Give the lines below again exactly, starting with the line that holds "Дальше поддержка начала" and going on through the line that holds "只见冰墩墩屁股朝外拼命往外挤,差点被电梯门卡住,费尽力气才从电梯中挤出来。".

Data supplied:
========================

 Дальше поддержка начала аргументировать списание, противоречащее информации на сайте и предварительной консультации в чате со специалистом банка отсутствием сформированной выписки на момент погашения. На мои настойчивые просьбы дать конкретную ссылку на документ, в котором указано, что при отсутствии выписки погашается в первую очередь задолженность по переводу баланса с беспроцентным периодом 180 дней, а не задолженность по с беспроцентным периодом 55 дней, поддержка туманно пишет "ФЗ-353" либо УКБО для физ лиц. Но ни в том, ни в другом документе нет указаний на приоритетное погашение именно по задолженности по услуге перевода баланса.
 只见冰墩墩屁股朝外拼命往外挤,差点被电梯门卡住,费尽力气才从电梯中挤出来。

========================

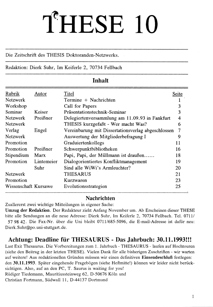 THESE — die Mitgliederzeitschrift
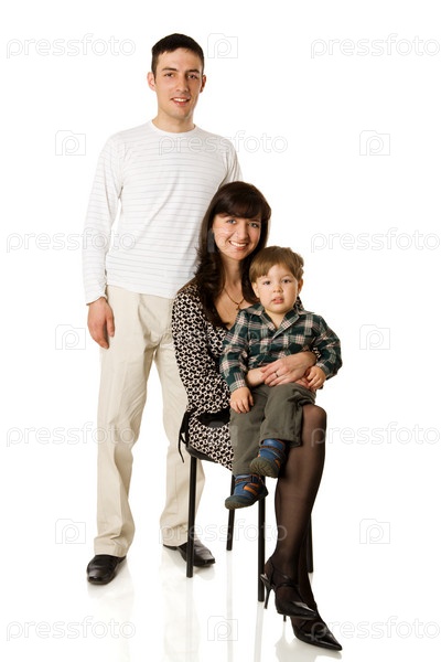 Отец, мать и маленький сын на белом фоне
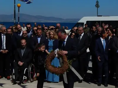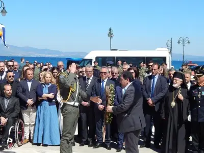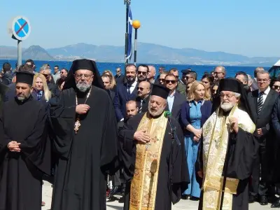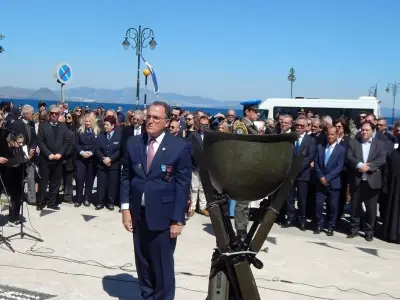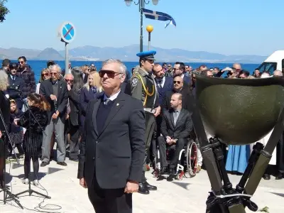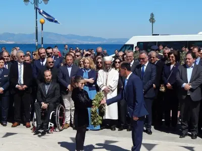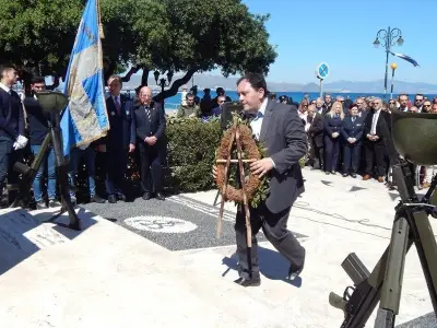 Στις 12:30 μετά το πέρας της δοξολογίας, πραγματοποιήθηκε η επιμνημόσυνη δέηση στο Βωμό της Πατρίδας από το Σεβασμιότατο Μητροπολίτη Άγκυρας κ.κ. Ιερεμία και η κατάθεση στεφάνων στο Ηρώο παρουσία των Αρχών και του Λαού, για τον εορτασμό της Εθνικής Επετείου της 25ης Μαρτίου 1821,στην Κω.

========================

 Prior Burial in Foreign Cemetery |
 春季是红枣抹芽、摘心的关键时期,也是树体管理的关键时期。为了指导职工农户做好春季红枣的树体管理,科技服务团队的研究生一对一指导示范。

========================

Response area:
 Дальше поддержка начала аргументировать списание, противоречащее информации на сайте и предварительной консультации в чате со специалистом банка отсутствием сформированной выписки на момент погашения. На мои настойчивые просьбы дать конкретную ссылку на документ, в котором указано, что при отсутствии выписки погашается в первую очередь задолженность по переводу баланса с беспроцентным периодом 180 дней, а не задолженность по с беспроцентным периодом 55 дней, поддержка туманно пишет "ФЗ-353" либо УКБО для физ лиц. Но ни в том, ни в другом документе нет указаний на приоритетное погашение именно по задолженности по услуге перевода баланса.
 只见冰墩墩屁股朝外拼命往外挤,差点被电梯门卡住,费尽力气才从电梯中挤出来。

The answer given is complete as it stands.